9. The method of claim 1 , wherein the control comprises a negative control.

10. The method of claim 9, wherein the negative control is indicative of expression levels of MUC1, MUC2, and CK17 in normal tissues of the subject or in the corresponding tissues of a healthy individual.

11. The method of claim 1 , wherein the control comprises a positive control.

12. The method of claim 11, wherein the positive control is indicative of expression levels of MUCl, MUC2, and CK17 in pancreatic carcinoma.

13. The method of claim 11, wherein the positive control is indicative of expression levels of MUCl, MUC2, and CK17 in colorectal cancer.
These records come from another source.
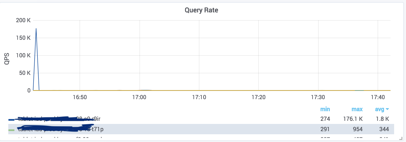 QueryCounts) are incorrect and unreliable for our keyspaces with large amounts of bulk inserts. This is because the TabletPlan cache evicts frequently and the query stats are driven out of the TabletPlan cache. So, on every given metric scrape, the plan in question is not reliably in the cache (and therefore its stats are not there) to be scraped, leading to false gaps in metrics that Prometheus struggles to computerate()s off of.This results in graphs that look like this (out of Grafana/Prometheus), when we did not actually have those spikes in query rates on that tablet:
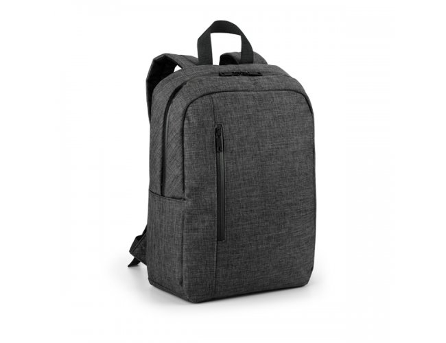 Mochila para notebook. 600D de alta densidade. Compartimento forrado, com 2 divisórias almofadadas para notebook até 14'' e tablet 9.7''. Bolso frontal e 1 bolso lateral. Parte posterior e alças almofadadas. 310 x 400 x 110 mm
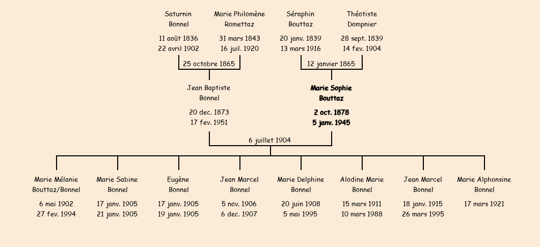 Epouse : Marie Sophie Bouttaz (25 ans, née à La Bize le 2 octobre1878), fille de Séraphin et de Théotiste Dompnier (décédée à la Bize le 14 février1904) |
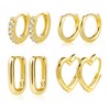 4 Pairs Small Chunky Hoop Earrings Set 14K Gold Plated Small Huggie Hoop Earrings Hypoallergenic Polished and Cubic Zirconia Oval Heart Hoops for Women
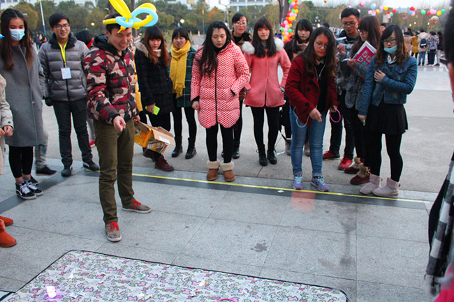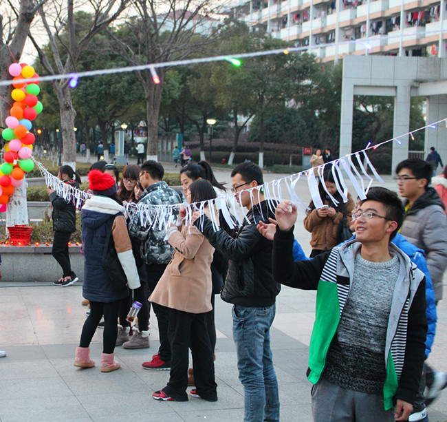 为弘扬传承中华民族文化,丰富学生的课余文化生活,12月26日下午,艺术学院学生会以“炫动元旦,璀璨艺灯”为主题在水月广场开展了猜灯谜、迎元旦活动。本次活动以猜灯谜为主轴,同时贯穿了赏灯、套环、乌龟慢递、许望墙等趣味项目,现场色彩纷呈、热闹非凡。
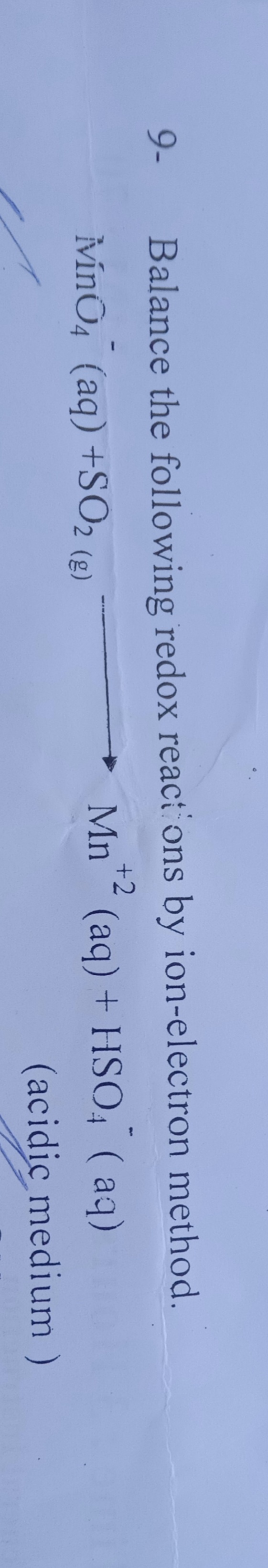 2MnO4- + H+ + 5SO2 + 2H2O -----> 2Mn2+ + 5HSO4-
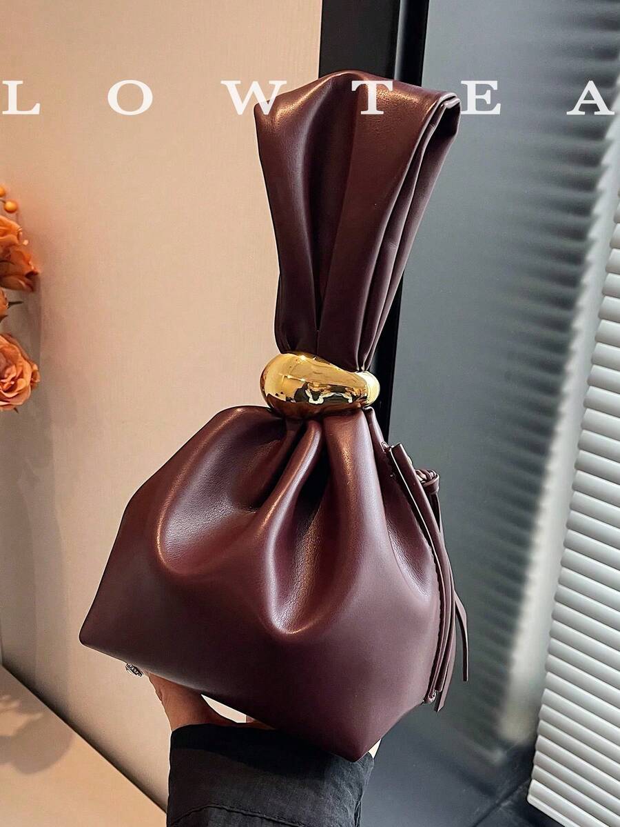 low tea 1pc Solid Color PU Leather Handbag, Burgundy Ancora Design, Women's Personalized Mini Cloud Pleated Bag With Metal Decor Zipper Closure, Suitable For Daily And Outdoor Use , New Year , Burgundy Bag
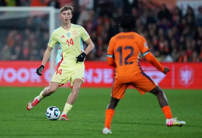 本賽季伯恩茅斯在伊勞拉的帶領(lǐng)下一度排名歐冠區(qū)邊緣,作為櫻桃軍團防線主力的黑森仰仗著英超的巨大曝光度,得到了全歐豪門的關(guān)注。今年3月,曾為荷蘭各級青年隊效力的黑森選擇為西班牙國家隊踢球,主帥德拉富恩特對他大加贊賞:“他具備現(xiàn)代中后衛(wèi)的所有素質(zhì),看起來就像是在足壇頂級賽事中效力過多年,很適合我們的團隊。”3月歐國聯(lián)1/4決賽次回合對陣荷蘭的比賽,黑森為西班牙隊打滿120分鐘,并在加時賽中送出準(zhǔn)確長傳,助攻亞馬爾破門。

14. The method of claim 11, wherein the positive control is indicative of expression levels of MUCl, MUC2, and CK17 in lung cancer, kidney cancer, or both lung and kidney cancer.

15. The method of claim 1, further comprising determining a course of treatment for the patient based on the detected expression levels.

16. The method of claim 1, further comprising predicting a therapeutic outcome for the patient based on the detected expression levels.

17. The method of claim 1 wherein the method is used in conjunction with an additional diagnostic method.

18. The method of claim 17, wherein the additional diagnostic method comprises detection of the expression level of carbohydrate antigen 19-9 (CA 19-9).

19. A method for aiding a physician in determining an appropriate treatment for a patient with adenocarcinoma comprising:

detecting, in a biological sample obtained from the patient, expression levels of pan- epithelial membrane mucin (MUCl), intestinal-type secretory mucin (MUC2), and cyto keratin 17 (CK17), as compared to controls;

determining the origin of the tumor based on the detected expression levels of MUCl,

MUC2, and CK17; and

reporting the determination of the origin of the tumor to the physician.

20. A kit for detecting origin of a tumor, comprising:

a set of reagents that specifically detects expression levels of pan-epithelial membrane mucin (MUCl), intestinal-type secretory mucin (MUC2), and cytokeratin 17 (CK17).

21. The kit of claim 20, wherein the reagents comprise antibodies, nucleic acid probes, or a combination thereof.

22. The kit of claim 20, wherein the kit further comprises a control indicative of expression levels of MUCl , MUC2, and CK17 in a healthy individual; a control indicative of expression levels of MUCl , MUC2, and CK17 in a cancer of known origin; or a combination thereof.